We conducted a drug efficacy test with an anticancer drug to validate the utility of the DMiMD. In this experiment, liver model cells and anticancer drug-targeted cells were co-cultured in the DMiMD and exposed to the anticancer drug Docetaxel (DTX, 047-31281, FUJIFILM Wako, Osaka, Japan). HepG2 or Upcyte cells were used as liver model cells, and A549 cells were used as anticancer drug-targeted cells. When co-culturing Upcyte and A549, the DMiMD with a tissue-culture-treated dish plate was used due to the weak adhesion of Upcyte. The following three experimental conditions were implemented: Condition i (cond. i) involved medium perfusion in the DC without DTX as the negative control. Condition ii (cond. ii) involved DTX medium change in the CCC. Condition iii (cond. iii) involved fresh medium perfusion in the DC with no DTX medium change in the CCC. The exposure time for 0.1 μM DTX was 3 days (Figure 4a).

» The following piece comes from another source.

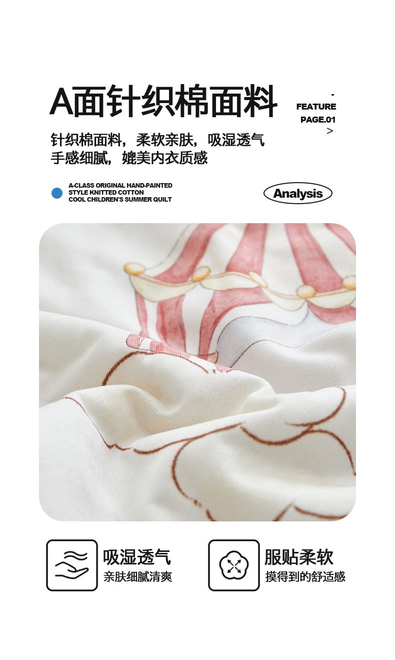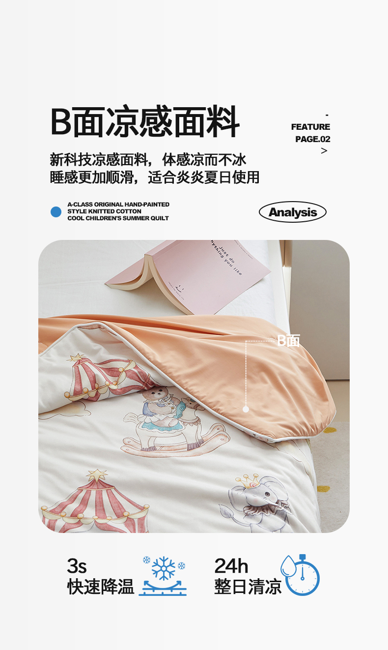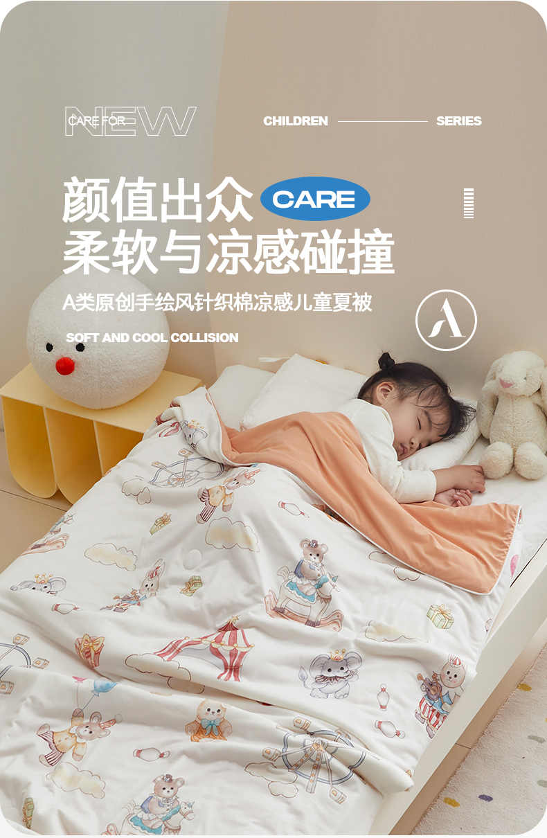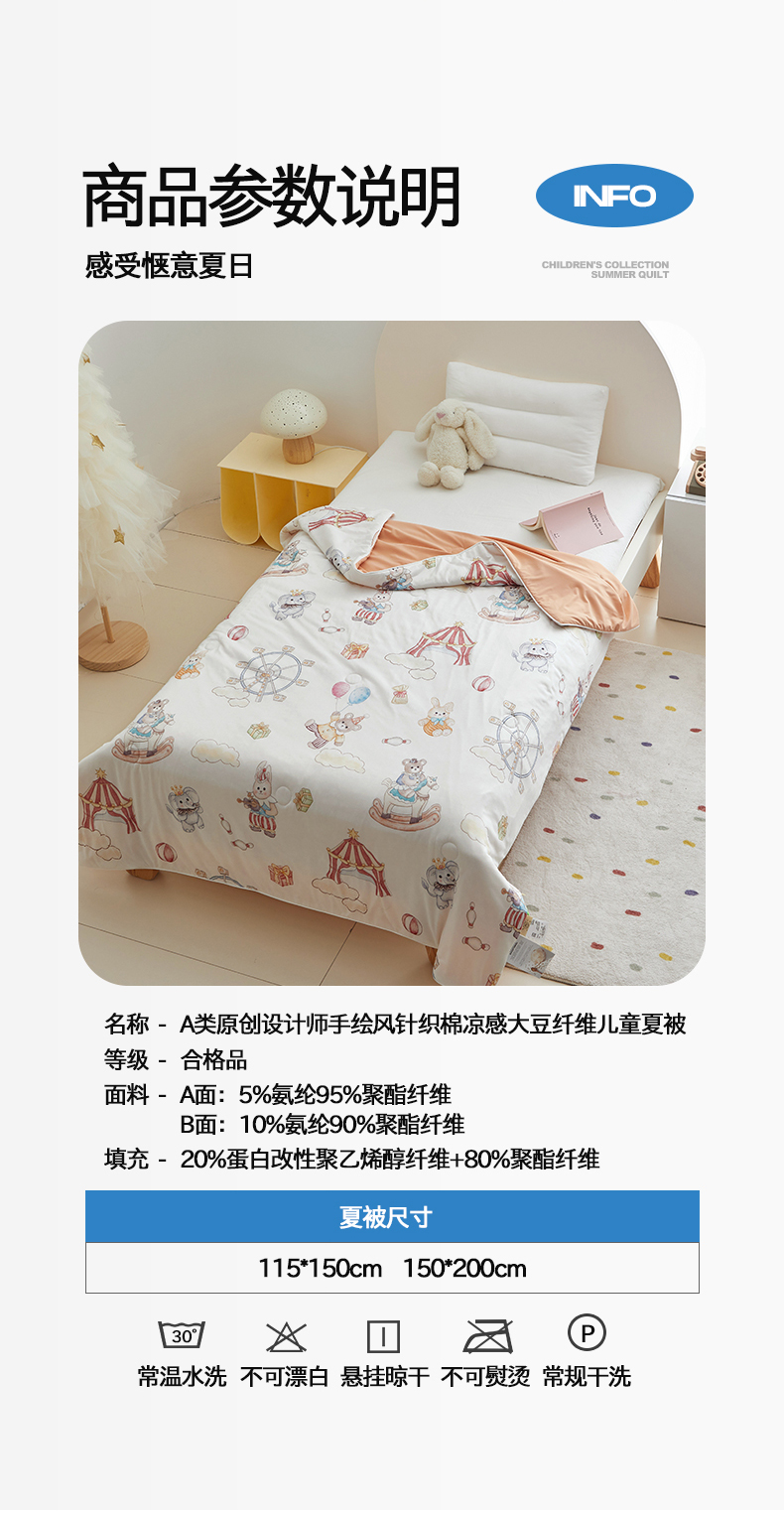 商品名称:荷马之梦 2025新款A类原创手绘风针织棉凉感大豆儿童夏被 马戏团B

In the case of HepG2, the cell density of A549 in cond. ii_HepG2 and cond. iii_HepG2 was significantly lower than that in cond. i_HepG2 (negative control). A549 cell density in cond. iii_HepG2 was significantly higher than in cond. ii_HepG2 (Figure 4b). In the case of Upcyte, the cell density of A549 in cond. ii_Upcyte was significantly lower than that in cond. i_Upcyte. However, the cell density of A549 in cond. iii_Upcyte showed no significant difference compared to cond. i_Upcyte (negative control). The cell density of A549 in cond. iii_Upcyte was significantly higher than that in cond. ii_Upcyte (Figure 4c). The trend of the cell density of A549 in cond. iii being higher than in cond. ii was consistent for both HepG2 and Upcyte. However, there was a clear difference in the cell density of A549 between cond. ii and cond. iii, with lower cell density in the case of HepG2 and higher cell density in the case of Upcyte.

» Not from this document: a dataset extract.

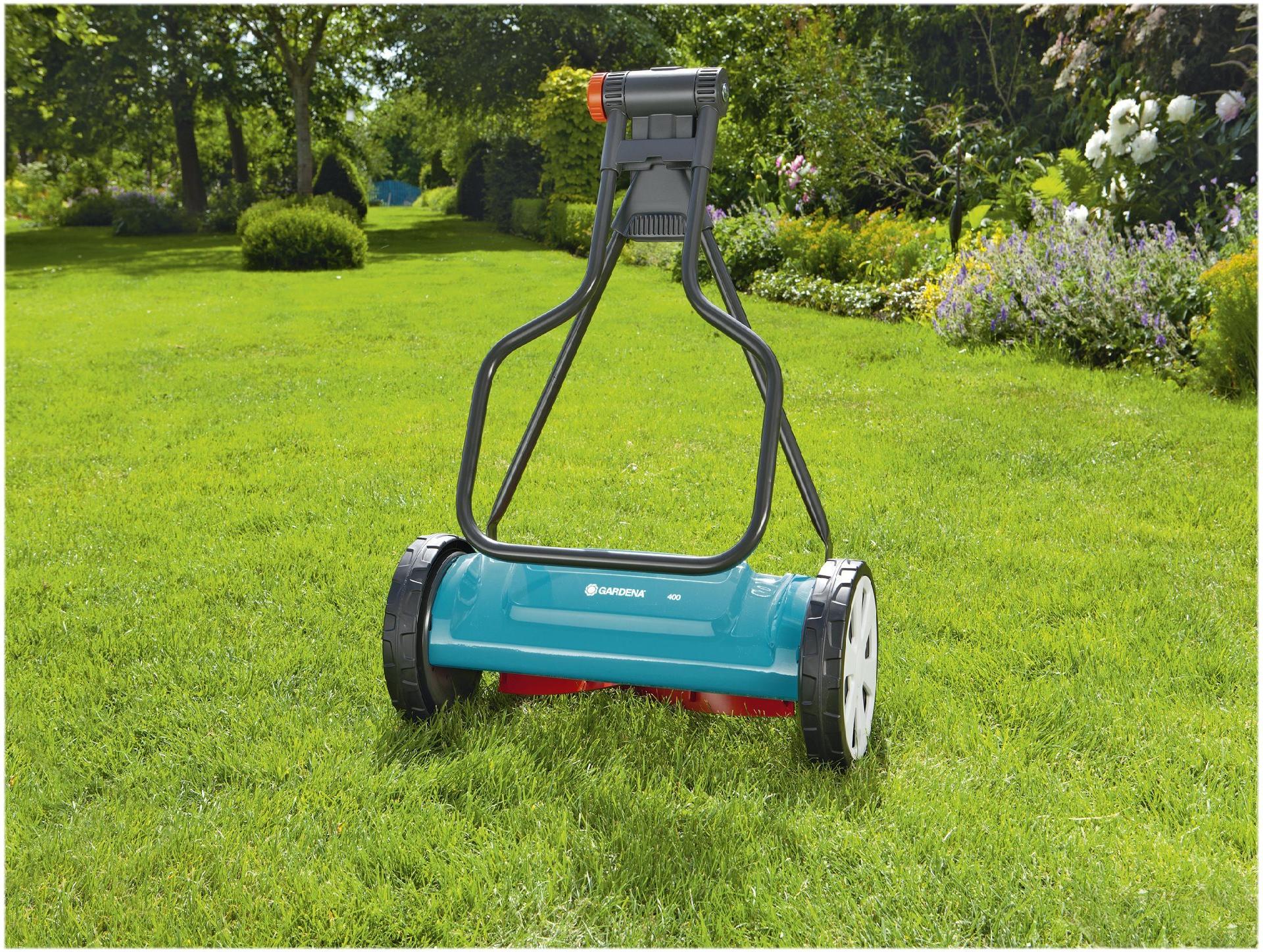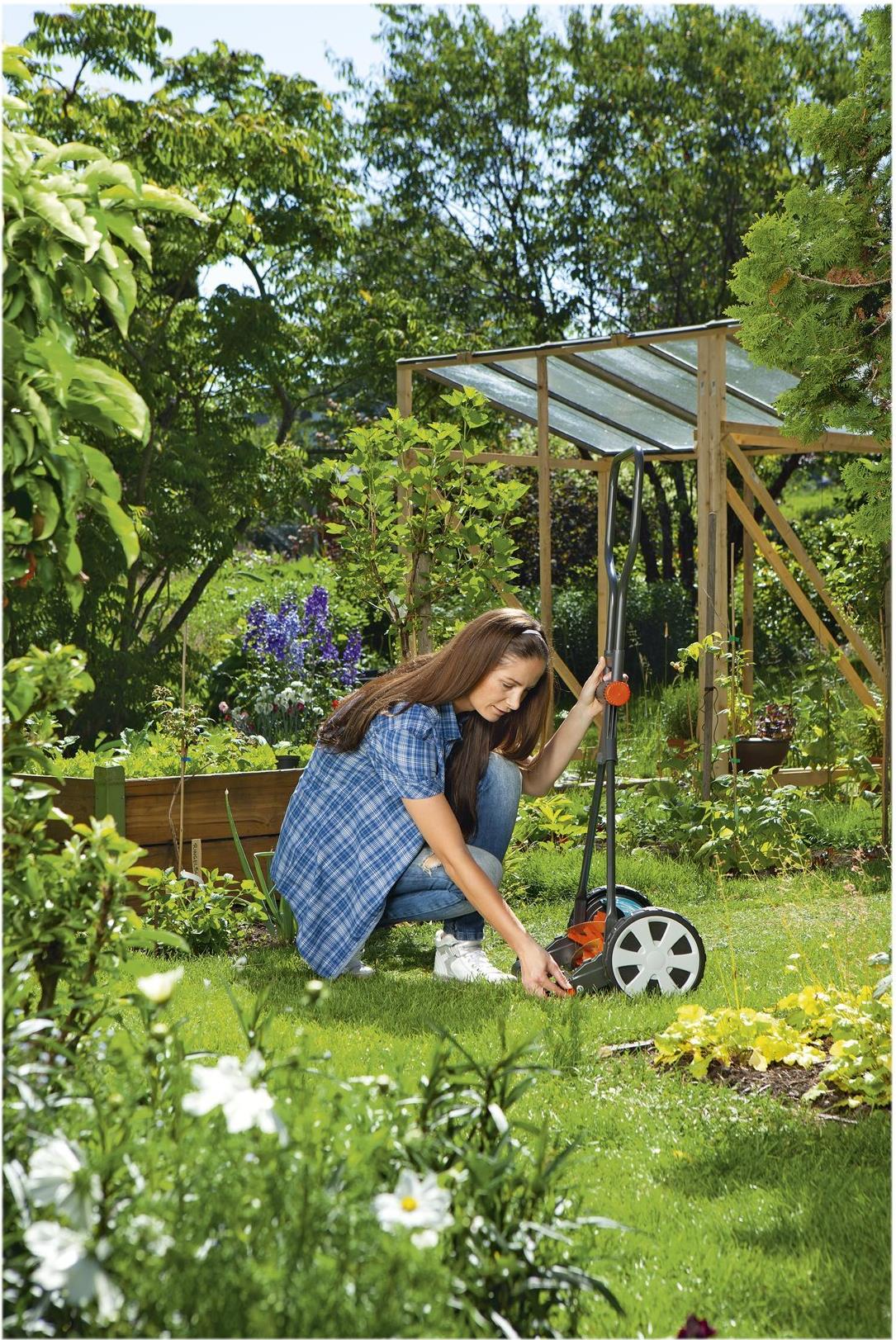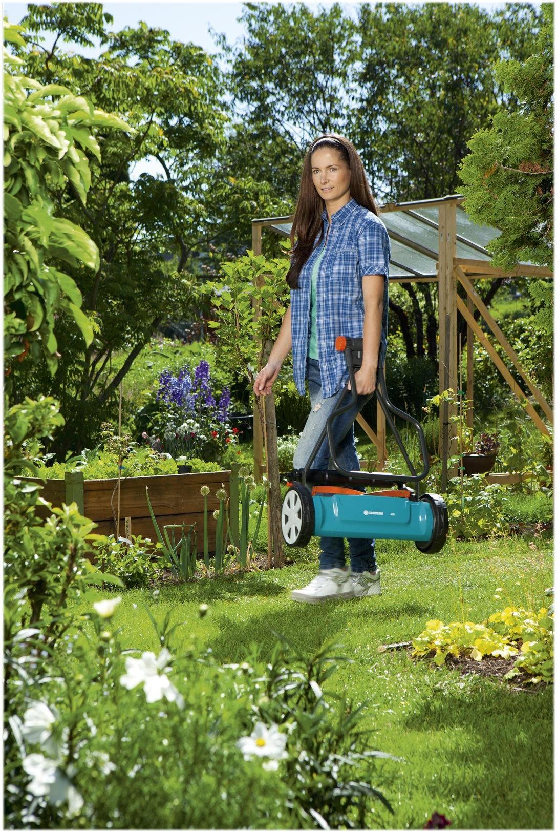 Mit dem Spindelmäher Classic 400 von GARDENA mähst Du Deinen Rasen umweltfreundlich ohne Strom - und das geräuscharm. Ausgestattet ist der Handrasenmäher mit einer berührungslosen Präzisions-Schneidtechnik. Beim Schieben dreht sich eine gehärtete, antihaftbeschichtete Messerwalze aus Qualitätsstahl an einem feststehenden Gegenmesser vorbei. Das Besondere: Die Messerwalze und das geschliffene Untermesser berühren sich nicht und ermöglichen ein angenehmes und geräuscharmes Arbeiten sowie ein leichtes Schieben. Dadurch schneidest Du Grashalme auf einer Fläche bis zu 200 m² für einen gepflegten Rasen exakt wie mit der Schere. Die Griffform bietet Dir einen guten Halt und das Führen des Spindelmähers wird durch die beiden großen Räder mit Spezialprofil erleichtert. Mit Hilfe der Regler bestimmst Du die Schnitthöhe in vier Stufen zwischen 12 und 42 mm. Dank seines geringen Gewichtes von 8,9 kg überzeugt der Rasenmäher mit guter Mobilität. Du kannst den Spindelmäher durch das teilbare Gestänge schnell und einfach zusammenklappen. Die Aufbewahrung ist so besonders platzsparend und der Transport einfach.

DTX is a cytotoxic drug which exhibits potent anti-mitotic activity against a wide range of cancers, including lung cancer [22], DTX also promotes the polymerization of tubulin in cancer cells and inhibits the depolymerization of microtubules. Tubulin polymerized by DTX forms stable microtubules; however, these microtubules are prevented from depolymerizing, leading to the formation of abnormal microtubule bundles inside the cell. The abnormal formation of microtubules inside the cell inhibits normal division and halts cell mitosis. As a result, apoptosis is triggered [23,24]. DTX is metabolized by hepatic CYP3A4 into hydroxylated derivatives, resulting in detoxification (Figure 4d) [25,26]. Furthermore, DTX is known to bind to albumin, a high-molecular-weight protein in the blood [27]. DTX bound to albumin was predicted not to permeate through the dialysis membrane as its molecular weight exceeds the MWCO of the membrane. Therefore, in cond. iii, even though glucose was supplied from the DC to the CCC, DTX was expected to remain in the CCC. When HepG2 was employed, the lower cell density of A549 in cond. ii_HepG2 and cond. iii_HepG2 compared to the control cond. i_HepG2 suggested that DTX remained in the CCC and exhibited efficacy against A549.
When Upcyte was employed, the cell density of A549 in both cond. ii and cond. iii was higher than when HepG2 was used (Figure 4b,c). This finding could possibly be linked to the fact that Upcyte showed 45- to 143-times-higher CYP3A4 activity than HepG2, leading to enhanced detoxification of DTX [28]. In this experiment, although HepG2 was exposed to Rifampicin to induce CYP3A4, the original HepG2 cells exhibited low CYP3A4 expression; therefore, even after exposure to Rifampicin, they might not have produced sufficient CYP3A4 to detoxify DTX. Moreover, the cell density of A549 in cond. iii_Upcyte was significantly higher than in cond. ii_Upcyte and was equivalent to that in the negative control (cond. i_Upcyte), which was not exposed to DTX. This finding is likely due to the fact that the area under the concentration–time curve (AUC) of DTX differed between cond. ii and cond. iii. The AUC of DTX for a period of 3 days differed between cond. ii, in which the medium in the CCC was refreshed every 24 h, and cond. iii, in which nutrients were supplied through a dialysis membrane. That is, the AUC in cond. ii was considered to be larger than that in cond. iii. As a result, it was considered that sufficient drug efficacy was not observed in cond. iii_Upcyte because Upcyte metabolized DTX. This finding can be linked to the reproduction of continuous drug concentration changes similar to those in vivo. In conventional cell culture methods, drug concentrations are reset with each medium change, making it difficult to reproduce in vivo conditions and possibly leading to inaccurate drug efficacy evaluation.
Based on these findings, the DMiMD was shown to retain drugs in the CCC when the medium change method was applied through dialysis membranes, enabling the evaluation of anticancer drug efficacy under continuously changing drug concentration conditions. The retention performance of the dialysis membrane largely depends on the drug’s molecular weight or its protein-bound complex. DTX strongly binds to albumin in the culture medium and, as a result, forms a high-molecular-weight complex. This was effectively retained by the membrane with an MWCO of 3.5 × 103. Similarly, drugs with high protein-binding affinity are also retained, whereas drugs with low molecular weight and low protein-binding affinity pass through the dialysis membrane. Furthermore, the dialysis membrane used in the DMiMD enables the integration of membranes with different MWCOs, providing flexibility to accommodate drugs with various molecular sizes and protein-binding properties.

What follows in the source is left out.